## TASK INSTRUCTIONS
All the data should be repeated exactly. Any image in it is left out.

## AVAILABLE DATA
'''

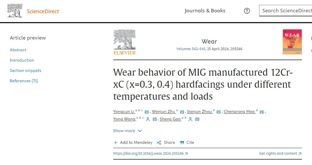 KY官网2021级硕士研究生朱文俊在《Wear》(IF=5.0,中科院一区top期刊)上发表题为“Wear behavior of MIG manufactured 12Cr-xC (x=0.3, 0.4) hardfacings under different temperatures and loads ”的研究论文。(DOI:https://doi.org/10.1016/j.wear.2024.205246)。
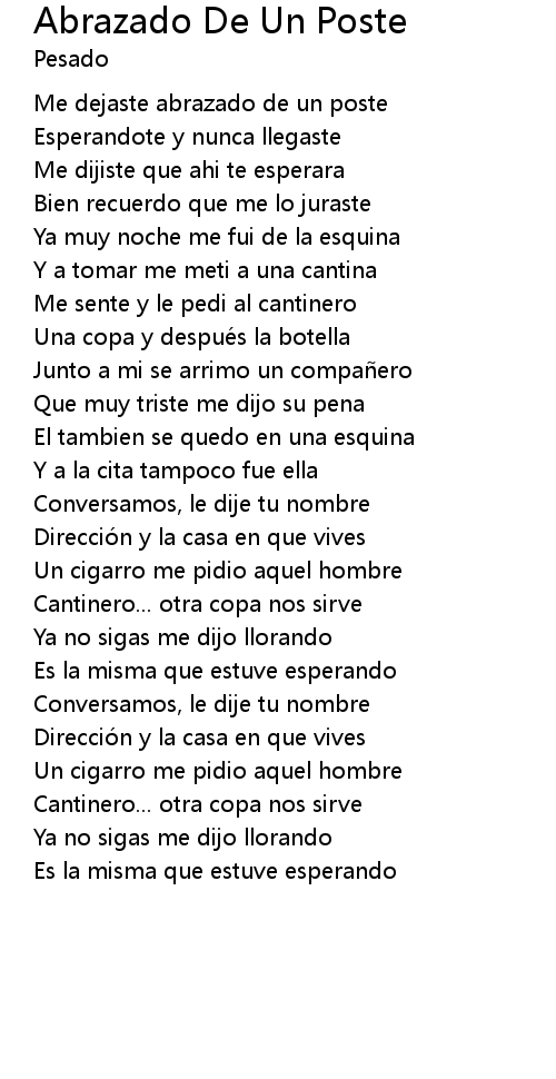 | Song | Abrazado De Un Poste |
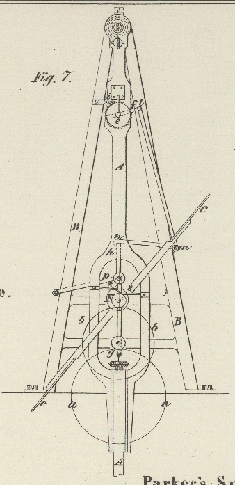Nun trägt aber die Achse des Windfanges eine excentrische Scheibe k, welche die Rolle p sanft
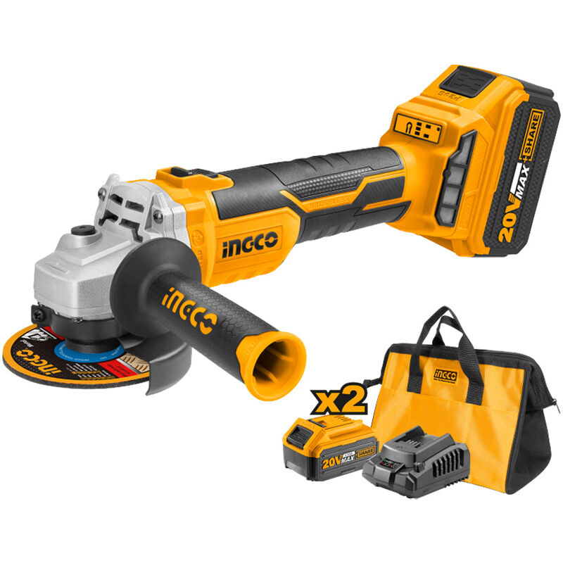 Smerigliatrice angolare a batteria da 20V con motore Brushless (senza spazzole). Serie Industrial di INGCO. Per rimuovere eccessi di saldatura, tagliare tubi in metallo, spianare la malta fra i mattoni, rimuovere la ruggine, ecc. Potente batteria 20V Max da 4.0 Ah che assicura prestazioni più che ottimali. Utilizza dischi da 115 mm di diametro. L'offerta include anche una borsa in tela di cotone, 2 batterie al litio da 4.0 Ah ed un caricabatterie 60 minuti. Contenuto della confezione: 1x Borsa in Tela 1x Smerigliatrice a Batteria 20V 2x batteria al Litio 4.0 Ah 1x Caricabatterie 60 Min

'''

## YOUR SOLUTION
 KY官网2021级硕士研究生朱文俊在《Wear》(IF=5.0,中科院一区top期刊)上发表题为“Wear behavior of MIG manufactured 12Cr-xC (x=0.3, 0.4) hardfacings under different temperatures and loads ”的研究论文。(DOI:https://doi.org/10.1016/j.wear.2024.205246)。
 | Song | Abrazado De Un Poste |
Nun trägt aber die Achse des Windfanges eine excentrische Scheibe k, welche die Rolle p sanft
 Smerigliatrice angolare a batteria da 20V con motore Brushless (senza spazzole). Serie Industrial di INGCO. Per rimuovere eccessi di saldatura, tagliare tubi in metallo, spianare la malta fra i mattoni, rimuovere la ruggine, ecc. Potente batteria 20V Max da 4.0 Ah che assicura prestazioni più che ottimali. Utilizza dischi da 115 mm di diametro. L'offerta include anche una borsa in tela di cotone, 2 batterie al litio da 4.0 Ah ed un caricabatterie 60 minuti. Contenuto della confezione: 1x Borsa in Tela 1x Smerigliatrice a Batteria 20V 2x batteria al Litio 4.0 Ah 1x Caricabatterie 60 Min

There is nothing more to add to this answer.